La baffe avait fusée, les yeux de Loras s'étaient baissés sur ses cartes, lorsque tous les regards se tournaient vers l'altercation. Le début des réjouissances. Il était certain que la soirée d'une poignée de mâles était faite. Il avait laissé les gaillards se chauffer, puis sortir, pour sauver leur honneur du bout de leur queue. Il avait un As à abattre, lui. Et d'une main victorieuse, il rafla la mise, sans un sourire, sans un sursaut d'excitation. L'adversaire quitta la table, déçu et soupçonneux, pas assez malgré tout pour se mesurer à la trop peu rassurante tranquillité du vainqueur qui tendait à dénoter dans cette atmosphère chargée d'alcool et d'injures, de rires et de bruits de pièces.

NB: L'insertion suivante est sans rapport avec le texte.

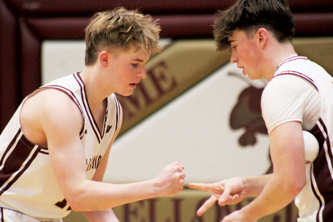 - Williamstown’s Mason Kern, left, greets teammate Dom Strcula during player introduction prior to Wednesday’s game against Ritchie County at Williamstown High School. (Photo by Kerry Patrick)
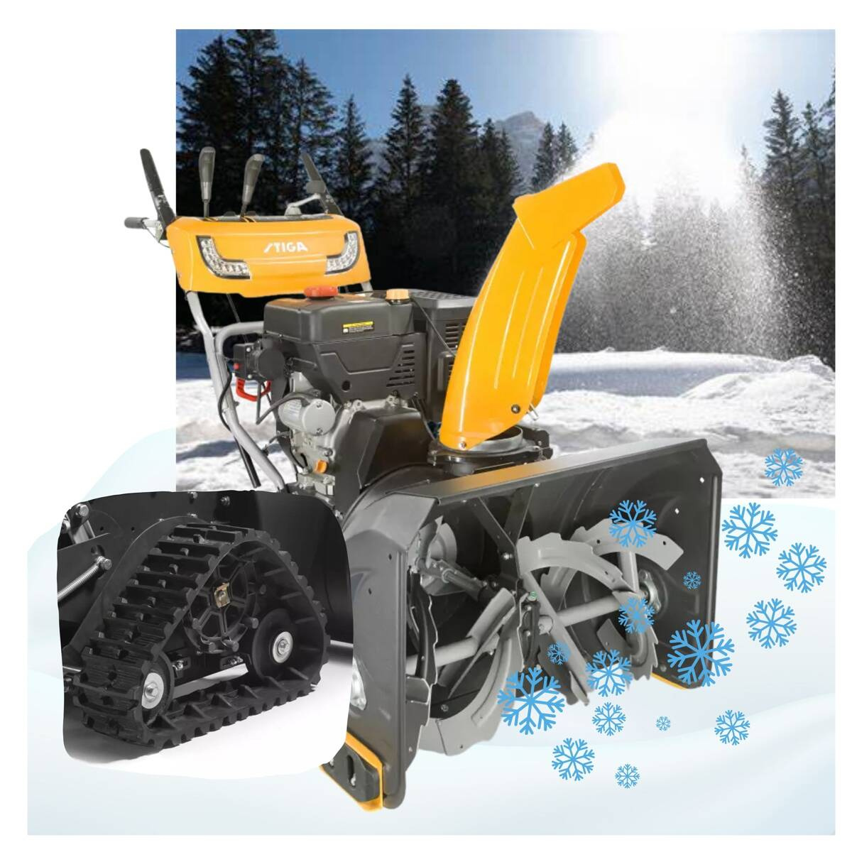 Odśnieżarka Stiga ST 5266 P TRAC to odśnieżarka gąsienicowa, dwustopniowa z silnikiem benzynowym, zapewniająca szerokością odśnieżania 66 cm. Maszyna napędzana jest silnikiem, o pojemności 302 cm3, umożliwia dwustopniowy system odśnieżania i napęd tarczowy cierny - 8 biegów (6 do przodu/2 do tyłu).
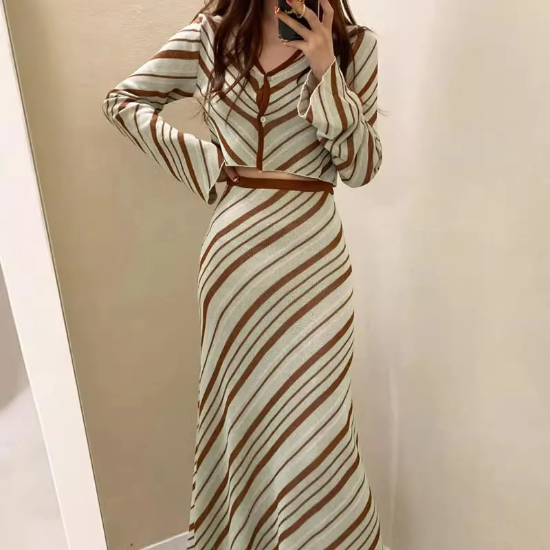 Crafted from soft, stretchy knitwear, this set is designed to provide a flattering fit that hugs your curves while offering flexibility and ease of movement. The high-waisted skirt elongates the legs and accentuates the waist, creating a balanced, feminine silhouette. Available in various colors and patterns, this two-piece suit is both versatile and timeless, making it a must-have for any fashion-forward wardrobe.

Novgorod avait parcouru en balayant l'assistance du regard les quelques mètres qui le séparaient de l'entrée du bouge, posé sa patte calleuse sur l'épaule de la gargotière comme un au revoir tendre et silencieux et s'était fondu dans la chaleur de la nuit. L'argent avait glissé dans une poche dissimulée, dans les replis de sa cape. Cette fameuse cape qu'il avait gagné une autre nuit, une autre fois, dans un autre tripot. Un fade sourire s'étira à la commissure de ses lèvres, à l'évocation... Bien vite effacé par la vision inévitable de l'équation alcool, femme et égo masculin, illustrée là, à quelques mètres dans la pénombre.
L'épaule avait prit appui sur le plan du mur, les doigts jouant avec les piecettes dans leur écrin de tissus, comme un geste voulant désamorcer une nervosité latente. Les yeux noirs du Novgorod suivirent la course de la main qui agrippait les cheveux blonds, narine frémissante. Le geste éveillait en lui des restes de nuits à l'odeur de souffre et l'ire de sa jeunesse. Les portes défoncées, les chaumières en feu, et les femmes emportées. Cette vie de soldat qui venait le retrouver parfois, quand le sommeil se faisait attendre. Et tout au fond de lui, comme un grondement sourd, l'épaisseur ténue de sa patience cédait lentement. Cette joute inégale commençait à lui courir sur le haricot.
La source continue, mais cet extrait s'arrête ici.